=== MATERIAL SUPPLIED ===
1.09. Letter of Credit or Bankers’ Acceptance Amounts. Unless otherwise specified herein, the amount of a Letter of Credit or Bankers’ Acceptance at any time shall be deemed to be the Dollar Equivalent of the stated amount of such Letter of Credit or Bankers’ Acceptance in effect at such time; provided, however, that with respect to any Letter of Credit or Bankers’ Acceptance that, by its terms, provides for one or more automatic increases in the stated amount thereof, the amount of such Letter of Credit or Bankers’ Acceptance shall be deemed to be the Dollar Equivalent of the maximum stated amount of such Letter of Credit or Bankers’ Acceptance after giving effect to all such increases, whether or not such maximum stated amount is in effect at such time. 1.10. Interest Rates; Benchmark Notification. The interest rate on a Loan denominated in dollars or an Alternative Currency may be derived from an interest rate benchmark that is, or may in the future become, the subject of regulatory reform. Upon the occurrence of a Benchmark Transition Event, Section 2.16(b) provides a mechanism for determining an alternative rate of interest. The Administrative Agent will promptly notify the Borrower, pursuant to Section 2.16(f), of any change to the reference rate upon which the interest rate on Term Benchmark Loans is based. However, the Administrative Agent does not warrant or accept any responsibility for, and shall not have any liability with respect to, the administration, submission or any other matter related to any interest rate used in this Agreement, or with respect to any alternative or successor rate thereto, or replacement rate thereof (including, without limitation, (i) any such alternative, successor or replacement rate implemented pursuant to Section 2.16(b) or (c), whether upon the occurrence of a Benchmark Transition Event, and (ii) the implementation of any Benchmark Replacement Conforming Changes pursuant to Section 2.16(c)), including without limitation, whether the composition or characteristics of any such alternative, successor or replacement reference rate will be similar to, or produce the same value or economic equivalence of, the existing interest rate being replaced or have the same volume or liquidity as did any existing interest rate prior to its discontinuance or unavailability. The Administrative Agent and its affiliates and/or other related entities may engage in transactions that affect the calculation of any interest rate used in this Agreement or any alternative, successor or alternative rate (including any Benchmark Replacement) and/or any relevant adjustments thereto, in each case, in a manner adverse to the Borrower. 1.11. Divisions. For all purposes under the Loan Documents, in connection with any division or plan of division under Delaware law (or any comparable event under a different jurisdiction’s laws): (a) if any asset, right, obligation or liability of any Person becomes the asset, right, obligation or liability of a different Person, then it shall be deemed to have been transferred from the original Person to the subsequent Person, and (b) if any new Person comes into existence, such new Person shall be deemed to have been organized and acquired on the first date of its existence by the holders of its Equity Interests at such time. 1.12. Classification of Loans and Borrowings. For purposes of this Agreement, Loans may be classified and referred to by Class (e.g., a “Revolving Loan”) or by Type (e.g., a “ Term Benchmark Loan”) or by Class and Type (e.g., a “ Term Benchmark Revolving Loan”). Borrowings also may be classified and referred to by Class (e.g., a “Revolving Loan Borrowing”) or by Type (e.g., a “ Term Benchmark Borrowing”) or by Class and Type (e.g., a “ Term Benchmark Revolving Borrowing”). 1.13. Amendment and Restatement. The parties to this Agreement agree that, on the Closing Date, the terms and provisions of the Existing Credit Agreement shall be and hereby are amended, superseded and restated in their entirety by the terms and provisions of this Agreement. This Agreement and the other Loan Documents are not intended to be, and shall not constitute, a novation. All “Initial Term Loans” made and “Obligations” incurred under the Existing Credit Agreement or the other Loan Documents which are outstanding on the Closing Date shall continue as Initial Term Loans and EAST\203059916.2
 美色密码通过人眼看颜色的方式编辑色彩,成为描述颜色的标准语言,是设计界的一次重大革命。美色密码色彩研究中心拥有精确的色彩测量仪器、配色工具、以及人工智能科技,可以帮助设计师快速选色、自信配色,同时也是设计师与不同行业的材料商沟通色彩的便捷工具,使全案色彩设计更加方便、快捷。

==

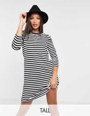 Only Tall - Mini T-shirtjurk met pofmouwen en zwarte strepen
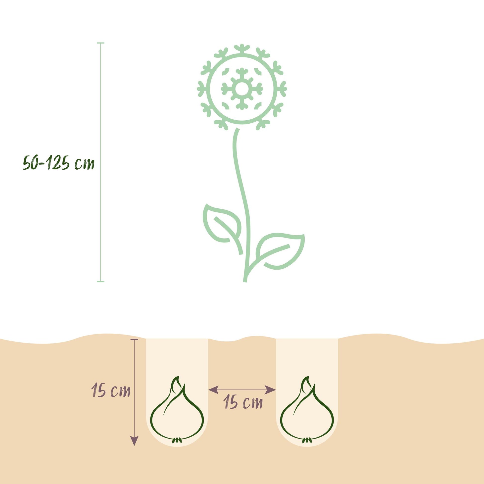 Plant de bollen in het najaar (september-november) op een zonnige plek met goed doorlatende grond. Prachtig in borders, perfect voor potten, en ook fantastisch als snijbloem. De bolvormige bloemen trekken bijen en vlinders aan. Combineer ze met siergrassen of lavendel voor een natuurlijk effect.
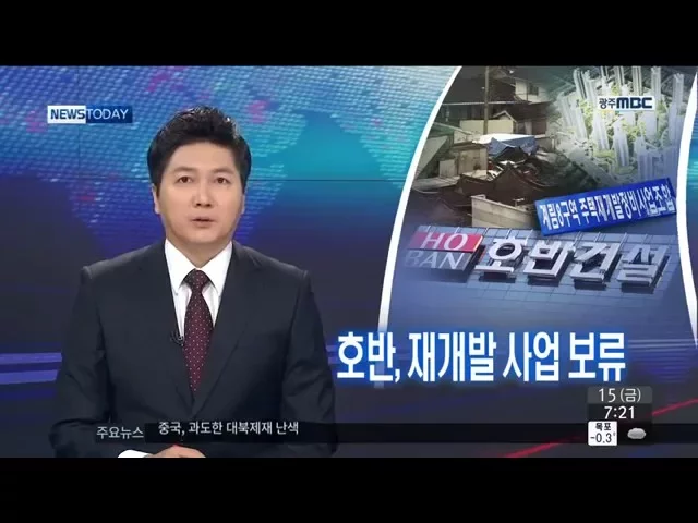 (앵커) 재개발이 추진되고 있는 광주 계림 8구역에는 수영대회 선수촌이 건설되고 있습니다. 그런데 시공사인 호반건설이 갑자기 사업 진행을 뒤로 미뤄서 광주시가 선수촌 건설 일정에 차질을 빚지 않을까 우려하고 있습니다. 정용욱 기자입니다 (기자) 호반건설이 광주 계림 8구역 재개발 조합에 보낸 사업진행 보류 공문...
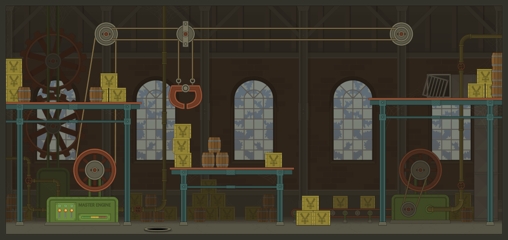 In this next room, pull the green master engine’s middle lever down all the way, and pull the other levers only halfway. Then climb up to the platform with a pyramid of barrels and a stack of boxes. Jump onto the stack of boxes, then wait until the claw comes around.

=== WORK TO COMPLETE ===
While skipping the pictures, transcribe the data above from the line showing "(앵커) 재개발이 추진되고" through the line showing "In this next", exactly and with both ends.

=== TASK ANSWER ===
 (앵커) 재개발이 추진되고 있는 광주 계림 8구역에는 수영대회 선수촌이 건설되고 있습니다. 그런데 시공사인 호반건설이 갑자기 사업 진행을 뒤로 미뤄서 광주시가 선수촌 건설 일정에 차질을 빚지 않을까 우려하고 있습니다. 정용욱 기자입니다 (기자) 호반건설이 광주 계림 8구역 재개발 조합에 보낸 사업진행 보류 공문...
 In this next room, pull the green master engine’s middle lever down all the way, and pull the other levers only halfway. Then climb up to the platform with a pyramid of barrels and a stack of boxes. Jump onto the stack of boxes, then wait until the claw comes around.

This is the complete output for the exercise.